Rektor IPB menyatakan, “Kami sangat senang dapat memulai kerjasama yang sangat baik dengan NIES dalam mengembangkan dan melaksanakan kegiatan penelitian bersama di bidang perubahan iklim, dapat saling bertukar informasi secara ilmiah dan teknis, dan melaksanakan seminar bersama dan penelitian.” Dalam pertemuan ini juga ditandatangani Project Agreement untuk penelitian bersama tentang “Development of Innovative MRV System for Eco-Industrial Parks and Eco-Cities” oleh Prof. Dr.Ir. Rizaldi Boer, MS (Kepala Pusat Pengelolaan, Peluang dan Resiko Iklim Kawasan Asia Tenggara dan Pasifik/CCROM-SEAP) dan Prof.

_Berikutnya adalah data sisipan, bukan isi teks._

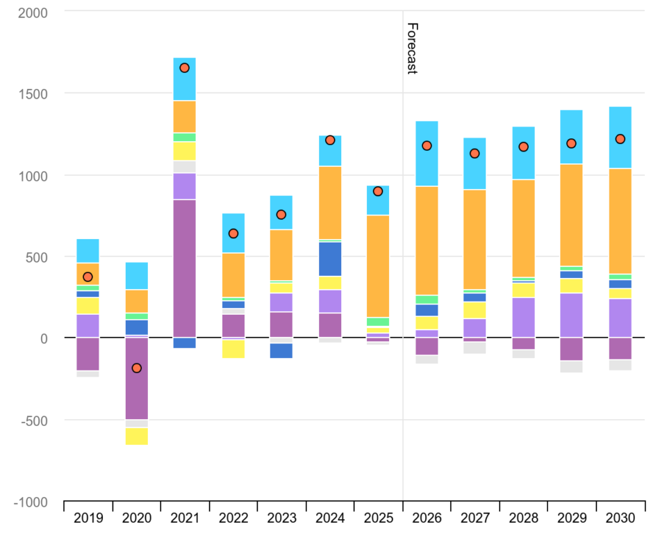 That thirst will be quenched by renewable energy and nuclear power, the IEA’s recent report said, which will generate 50% of global electricity by 2030, an 8% increase on the proportion today. Renewable output will grow by around 1,000TWh annually, led overwhelmingly by an expansion in solar PV deployments, which will add around 600TWh a year. The IEA’s forecast said that PV additions will expand in 2026 and then contract slightly for the following four years, though still adding over 600TWh of new capacity annually. The next highest power additions come from wind power, natural gas and nuclear energy.

Tsuyoshi Fujita (NIES).
 
Penelitian bersama ini bertujuan menghasilkan penelitian yang berkontribusi terhadap perbaikan lingkungan melalui kegiatan kolaborasi yang mencakup tema-tema penelitian, diantaranya penilaian yang terintegrasi dari strategi mitigasi dan model penelitian bagi masyarakat yang rendah karbon, desain eco-city perkotaan dan regional, pemodelan dan simulasi bagi masyarakat karbon rendah, serta pengawasan inovatif dan penelitian sistem evaluasi daerah.  Rektor berharap kerjasama ini bisa berjalan sangat baik dan menghasilkan banyak temuan yang  berguna bagi kedua institusi dan memperkuat hubungan antara Indonesia dan Jepang. (RF)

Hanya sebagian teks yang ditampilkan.